March ?, 2020. Stuff


  1. The parable of the surveyors
    1. Rotating rulers
    2. Trip-planning
    3. Over the mountains
  2. The surveyors of spacetime
    1. Einstein’s outrageous proposal
    2. Spacetime rotations
    3. Turning rulers into clocks
    4. The Twin Paradox

1. The parable of the surveyors

I like to imagine that, a thousand years before Pythagoras, Mesopotamian surveyors trying to measure out parcels of land discovered a curious fact. For two measuring sticks at right angles, and measurements $\Delta x$ and $\Delta y$ as shown below, they found that a particular combination $\Delta x^2 + \Delta y^2$ never changed, however they oriented their sticks. In other words,

Wherever you place your rulers, $\Delta x^2 + \Delta y^2$ is the same.

This quantity is naturally interpreted as length squared:

\[d^2 = \Delta x^2 + \Delta y^2,\]

so the surveyor’s have discovered that length is preserved when we move our system of measuring sticks. This is an empirical rather than a mathematical fact! This may be surprising, given that Pythagoras’ theorem, $a^2 + b^2 = c^2$, is perhaps the one mathematical fact that everyone knows! And indeed, you can prove it mathematically.

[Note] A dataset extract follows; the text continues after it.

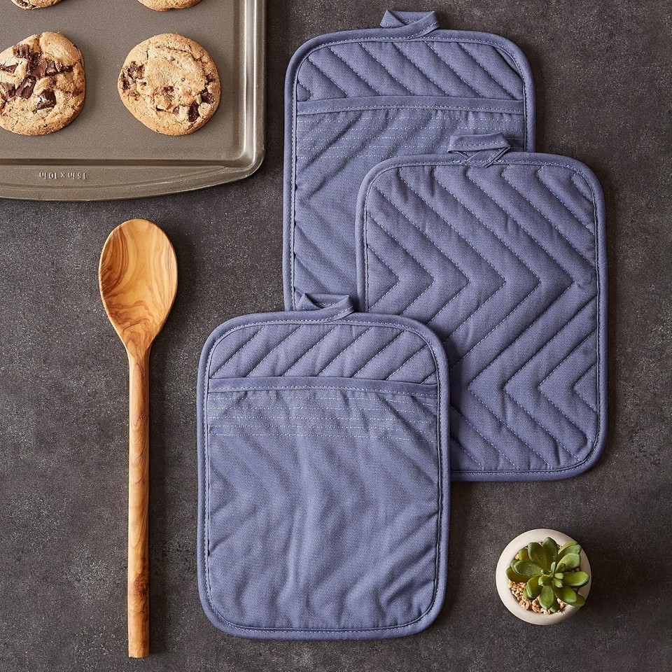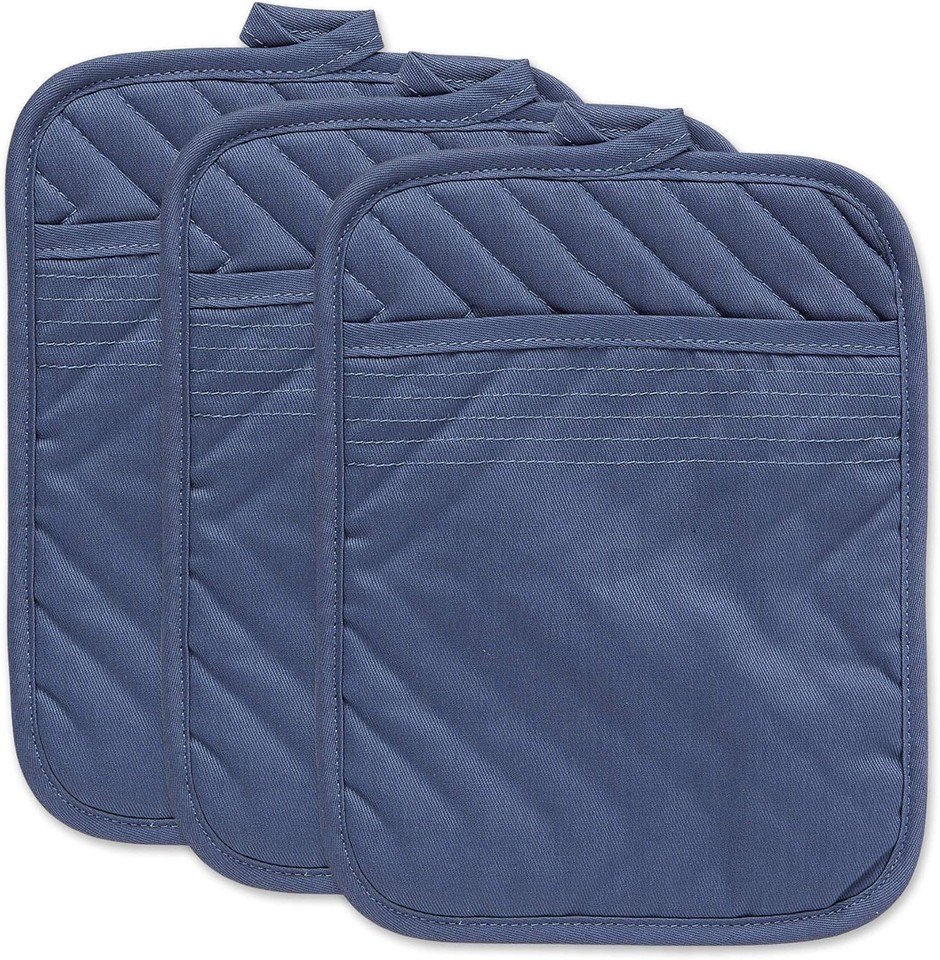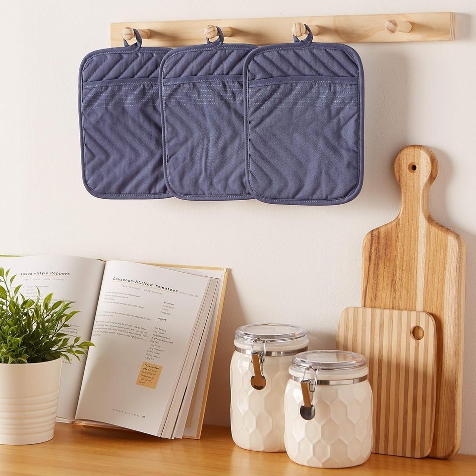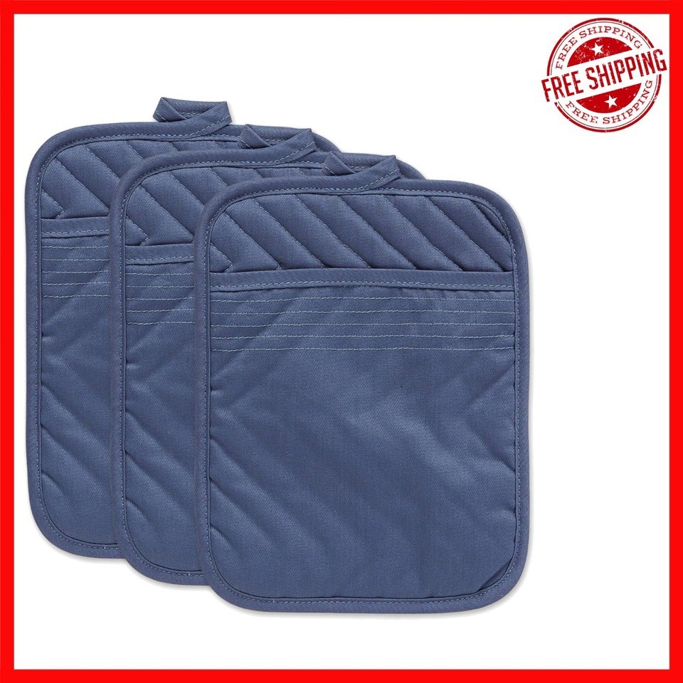 Upgrade your kitchen essentials with our set of three 100% cotton potholders, each measuring 7x9 inches and featuring convenient hanging loops for easy storage. Crafted for durability and heat resistance, these potholders safely protect your hands while removing dishes from the oven or hot pots from the stove. Designed in a variety of vibrant colors, they also offer space for customization, making them a perfect gift option. Easy to care for, simply machine wash cold on a gentle cycle and tumble dry low?do not bleach or hot dry. Part of DII's extensive collection of stylish and functional kitchen linens, these potholders are an affordable and versatile addition to any home. Whether for a first apartment, dorm, or as a thoughtful housewarming gift, they combine practicality with style.

But this proof only works on a flat, two-dimensional plane. So really, we should view the empirical observation that $\Delta x^2 + \Delta y^2$ is invariant as evidence that, to good approximation, the surface of the earth is a flat plane.

1.1. Rotating rulers

Our two surveyors now measure the same length of fence, but with differently-oriented measuring sticks. For simplicity, let’s assume that the stick systems are identical, and all meet at a point, as well with one end of the fence.

The first surveyor takes a pair of measurements $(x, y)$, while the second surveyor takes $(x’, y’)$. Given that

\[\Delta x^2 + \Delta y^2 = (\Delta x')^2 + (\Delta y')^2,\]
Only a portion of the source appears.